Proche-Orient
Sommet impromptu Arafat-Clinton
Bill Clinton reçoit à la Maison Blanche Yasser Arafat pour
une rencontre impromptue décidée lundi soir, lors d'une communication
téléphonique entre les deux hommes, quelques heures après
l'attentat à la voiture piégée au nord de Tel Aviv.
Nouveau rebondissement dans un processus de paix qui n'en est pas avare : Yasser
Arafat s'est envolé pour Washington afin d'y rencontrer le président
Clinton à la Maison Blanche. Il aura ainsi de vive voix les éclaircissements
qu'il demande à Washington sur les «paramètres» soumis
aux négociateurs israéliens et palestiniens par le chef de l'exécutif
américain. Du coup, le premier ministre Ehoud Barak, qui avait fait connaître
son accord de principe au plan Clinton, a insiqué qu'à son avis,
il est peu probable qu'un accord soit conclu d'ici au départ du président
Clinton de la Maison Blanche le 20 janvier.
Les réserves exprimées par le premier ministre israélien
sur un point-clé du plan Clinton, à savoir la souveraineté
palestinienne sur l'Esplanade des mosquées, ont déjà sérieusement
nuancé l'appui israélien aux propositions américaines.
La rencontre impromptue entre Yasser Arafat et Bill Clinton contrarie la diplomatie
israélienne qui s'apprêtait à lancer une campagne internationale
pour expliquer que l'échec des négociations était dû
à l'intransigeance des Palestiniens. Ces informations, amplement commentées
dans la presse israéliennes, ne sont sans doute pas pour rien dans la
décision d'Arafat de se rendre sans délai à Washington.

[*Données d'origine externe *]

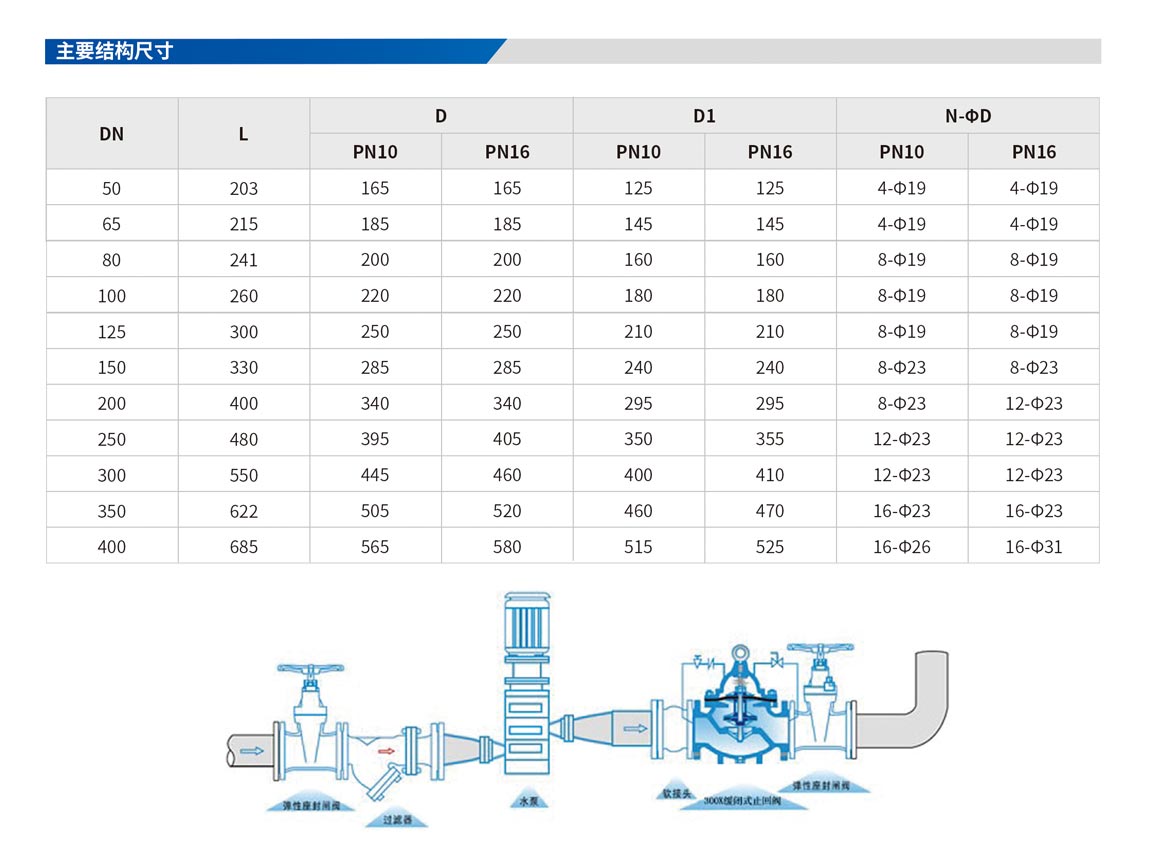 具有開(kāi)啟和關(guān)閉速度調(diào)控的逆止閥,于啟動(dòng)或停止抽水機(jī)運(yùn)轉(zhuǎn)時(shí),可配合現(xiàn)場(chǎng)調(diào)節(jié)至開(kāi)啟或關(guān)閉速度??捎糜诟邔咏ㄖ瑴p少水錘及水聲現(xiàn)象產(chǎn)生,以達(dá)安靜關(guān)閉之效果。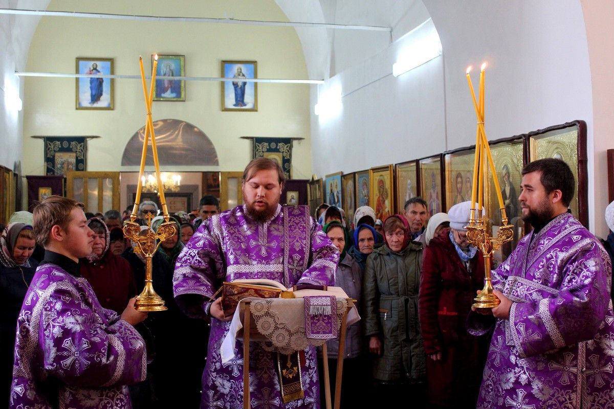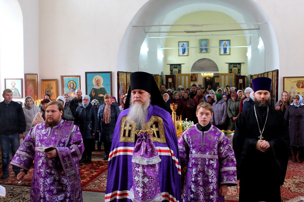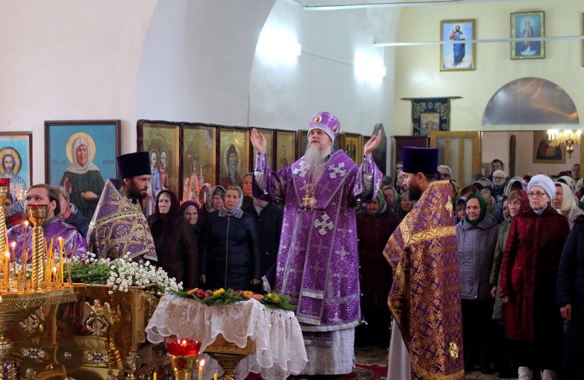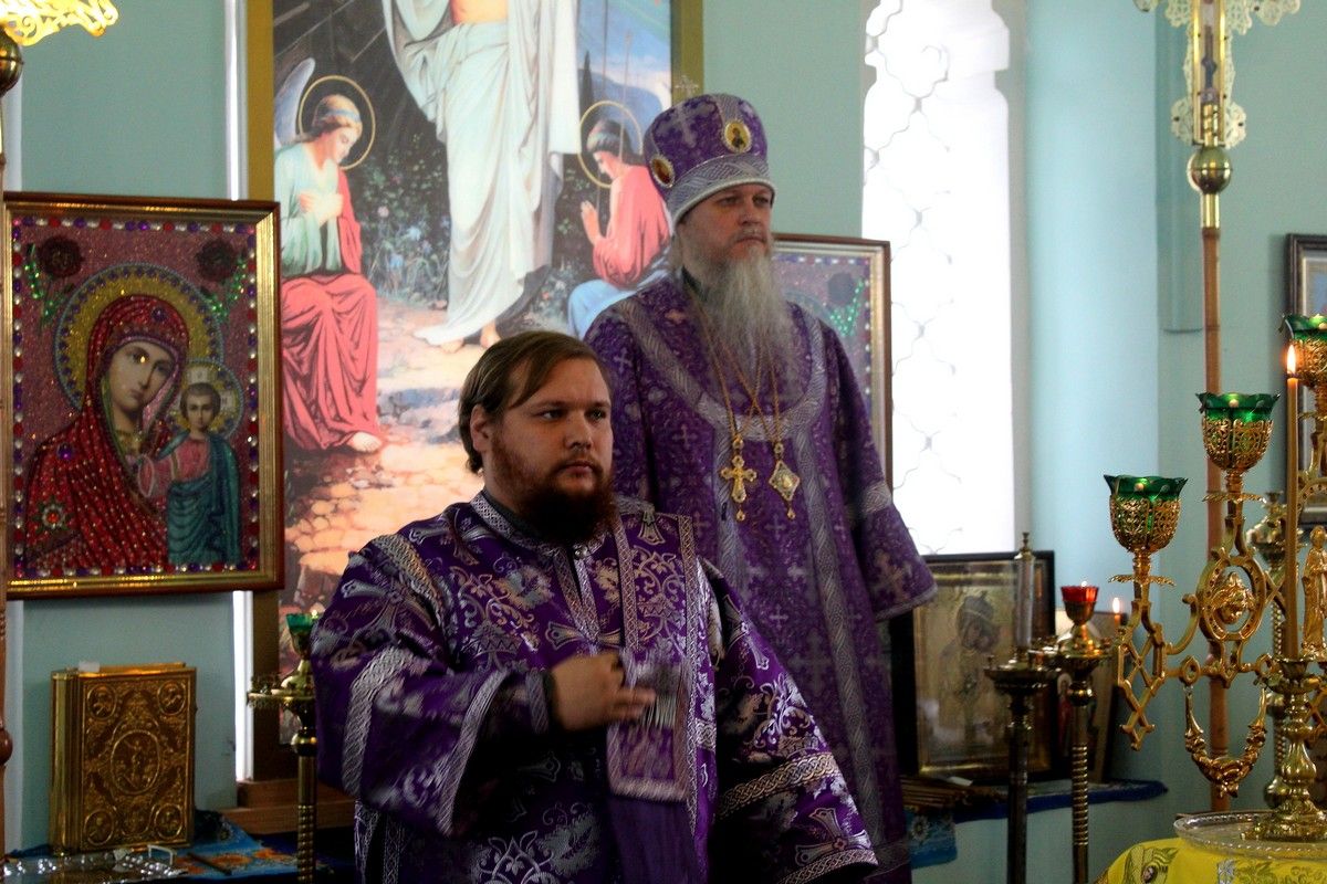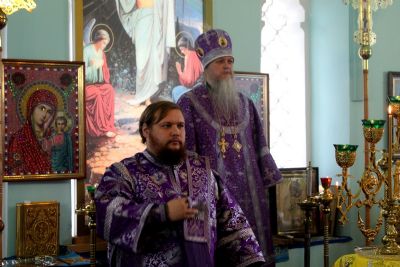 Его Преосвященству сослужили: протоиерей Владимир Власов - благочинный Северного церковного округа; протоиерей Сергий Сильдушкин - настоятель храма Покрова Пресвятой Богородицы с. Марисола; диакон Иоанн Захаров - клирик Никольского собора г. Волжска.

Le leader palestinien n'a pas oublié comment, en juillet dernier, le
président américain lui avait fait porter la responsabilité
de l'échec des pourparlers de Camp David. Mais, derrière ce voyage,
il y a probablement davantage qu'une opération de relations publiques
de la part de Yasser Arafat. Le président palestinien a enfin réussi
à faire prendre conscience aux dirigeants américains que ce n'était
pas pure rhétorique de sa part lorsqu'il affirme être soumis à
de fortes pression de la part de son opinion publique. Les nouvelles propositions
Clinton représentent, de ce point de vue, une amélioration sensible
du point de vue palestinien par rapport à celles de Camp David. En refusant
de donner sur le champ sa réponse à Bill Clinton, Arafat a exercé
sur ce dernier une pression qui n'est pas sans effet sur un président
qui est bien décidé, jusqu'à la dernière seconde
de son mandat, à faire tout ce qui est en son pouvoir pour amener Israéliens
et Palestiniens à signer la paix.
Arafat ne désespère pas d'amener Clinton à infléchir
encore ses positions
D'autre part, les Palestiniens ont bien noté la hardiesse des dernières
initiatives du chef de l'exécutif américain. Certes, il a renoncé
au projet qu'il caressait de se rendre en Corée du Nord, mais il a publiquement
déploré les effets de l'embargo mené depuis quarante ans
contre Cuba et il a utilisé les dernières heures de l'an 2000
pour apposer la signature des Etats-Unis sur le traité créant
la Cour pénale internationale. Arafat ne désespère pas
d'amener Clinton à infléchir encore ses positions sur le dossier
israélo-palestinien.
Certes, cela ne fait pas l'affaire d'Ehoud Barak. Mais confronté à
une nouvelle offre, précise, de Bill Clinton, acceptée par Arafat,
ses options sont très limitées. Un refus, et c'est la victoire
assurée du chef du Likoud Ariel Sharon qui le devance déjà
de plus de vingt points dans les sondages ; un accord in extremis suscitera
un tollé en Israël, et pas seulement dans l'opposition. Mais c'est
la seule carte qu'il reste à Barak. Car le thème de sa campagne
(« votez pour moi ou vous aurez la guerre ») peut être présenté
autrement : signature d'un accord de paix avec Barak, ou absence d'accord avec
Barak ou Sharon, et ce sera vraisemblablementla guerre, quel que soit le vainqueur
des élections israéliennes du 6 février.